Does this matter? After all, there are plenty of e-books that do things that can’t be done in print; different formats just have different capabilities. Of course. But there are a few important points to be made from it…
1) It says a lot about what we think books are. We expect that a book is read linearly from the front cover to the back. We expect that it is the meaning conveyed in the book’s words that matter and not the way those words are arranged on the page, and certainly not the font. We expect that readers are only looking at one page at a time, and not trying to read several different parts of the book at the same time. And we assume that reading is not a physically challenging activity. I’m pointing out these assumptions not because they are wrong—for most people, they usually aren’t—but because they are such strong expectations that we don’t usually notice that this is what we expect.
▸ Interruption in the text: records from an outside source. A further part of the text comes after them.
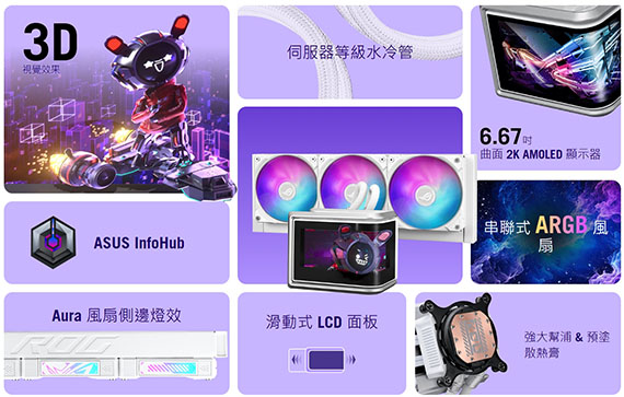 【上一個】【下一個】 | ASUS華碩 ROG RYUO IV SLC 360 ARGB WHT 白龍王四代 短管版 一體式 CPU水冷散熱器
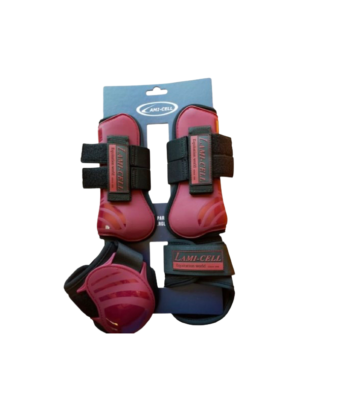 Conjunto De Protectores Para Caballo Pro Zaldi, conjunto de protectores 49925941F para caballo, juego completo de 4 protectores, dos para patas delanteras, y dos para patas traseras del caballo. Con cierres de velcro para asegurar un ajuste perfecto a las extremidades del caballo. Protector Lami-Cell Pro-Zaldi de salto para Caballo. La capa externa es fuerte y dura, combinada con un interior de neopreno acolchado para absorber los impactos. Colores: rojo, marrón, amarillo, verde, granate, fucsia, negro, y blanco. Disponible también
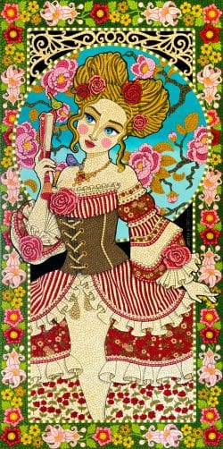 Andréa já começou a sentir a arte desde cedo. De família numerosa e alegre, natural de Luzerna, interior de Santa Catarina, a artista sempre foi incentivada a mostrar seu talento. As habilidades manuais e com a música, aos poucos, foram sendo aperfeiçoadas, e o que era apenas diversão tornou-se profissão ao iniciar sua carreira como cantora e ilustradora. Hoje, trabalha com a técnica mosaico de tinta, com traços estilizados em formato de pequenas esferas em alto relevo sobre estruturas em madeira. Tenho por missão levar a alegria e a harmonia através das cores, fazendo com que a arte cumpra sua função de transformar por meio do belo, define.

2) In any given format, a very small number of texts will take full advantage of everything the format can do. We’ve been using print for centuries, but how many books do everything that print can do? Not many. This is one of them. The same is true of e-books; there’s a vast array of things that e-books could do, but so far, almost all of them don’t. (Digression: I remember once hearing about a book that was just a list of unbound pages in a box. You could read them in any order you wanted. I doubt it had an interesting plot, though.)
3) Whoever says we can move entirely from one format to another and lose nothing in the process is simply wrong. To prove this by writing a large, complex book that readers have to struggle through at great length may seem like undue effort to prove a very simple point. But, well, for me to criticize a lack of brevity is simply silly at this point.